TO DO: Look below for the line that contains "Grata in ferro" and the line that contains "σε inox satinato", then restate both of them and every line in between, exactly. No picture goes in the copy.

[Data extracted from a collection]
╭──
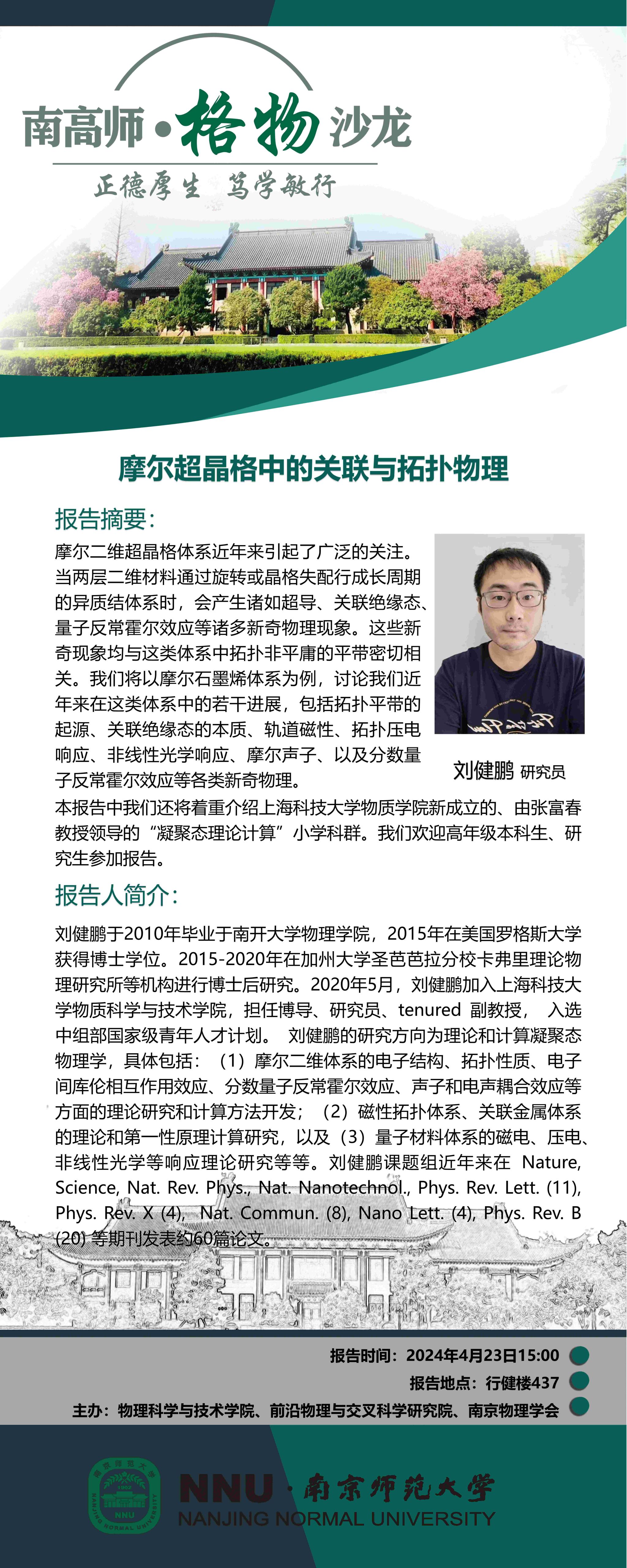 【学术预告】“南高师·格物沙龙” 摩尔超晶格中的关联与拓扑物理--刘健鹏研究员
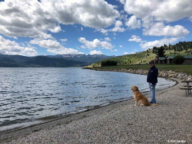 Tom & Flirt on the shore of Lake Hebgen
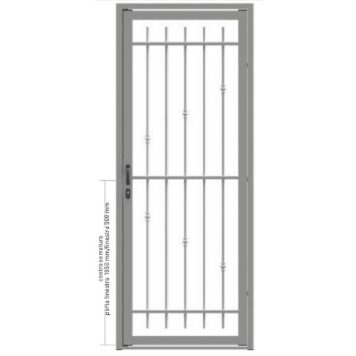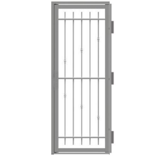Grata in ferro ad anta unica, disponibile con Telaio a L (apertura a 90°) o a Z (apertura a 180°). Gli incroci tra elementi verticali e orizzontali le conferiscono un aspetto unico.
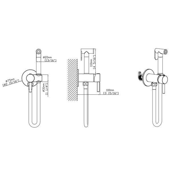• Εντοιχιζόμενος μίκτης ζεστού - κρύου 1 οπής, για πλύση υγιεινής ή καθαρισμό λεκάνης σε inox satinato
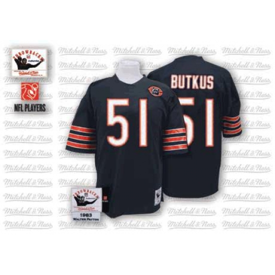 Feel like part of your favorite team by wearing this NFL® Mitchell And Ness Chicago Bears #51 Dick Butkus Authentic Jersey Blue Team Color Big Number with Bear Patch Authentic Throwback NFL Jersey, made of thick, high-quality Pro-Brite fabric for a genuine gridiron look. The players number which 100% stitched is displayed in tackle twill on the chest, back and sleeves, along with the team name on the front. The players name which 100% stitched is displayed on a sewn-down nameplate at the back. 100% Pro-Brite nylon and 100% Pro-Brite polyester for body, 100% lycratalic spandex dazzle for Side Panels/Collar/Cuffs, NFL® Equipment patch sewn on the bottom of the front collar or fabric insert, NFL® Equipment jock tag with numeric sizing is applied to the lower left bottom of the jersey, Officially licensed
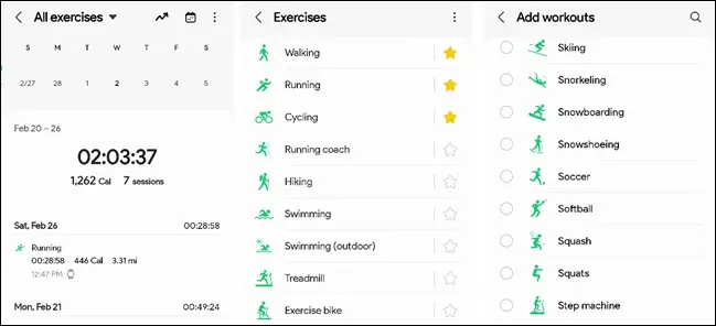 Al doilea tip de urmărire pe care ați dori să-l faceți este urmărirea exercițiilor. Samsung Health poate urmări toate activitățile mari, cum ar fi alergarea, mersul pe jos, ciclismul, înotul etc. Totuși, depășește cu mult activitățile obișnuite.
╰──
RESPONSE AREA:
Grata in ferro ad anta unica, disponibile con Telaio a L (apertura a 90°) o a Z (apertura a 180°). Gli incroci tra elementi verticali e orizzontali le conferiscono un aspetto unico.
• Εντοιχιζόμενος μίκτης ζεστού - κρύου 1 οπής, για πλύση υγιεινής ή καθαρισμό λεκάνης σε inox satinato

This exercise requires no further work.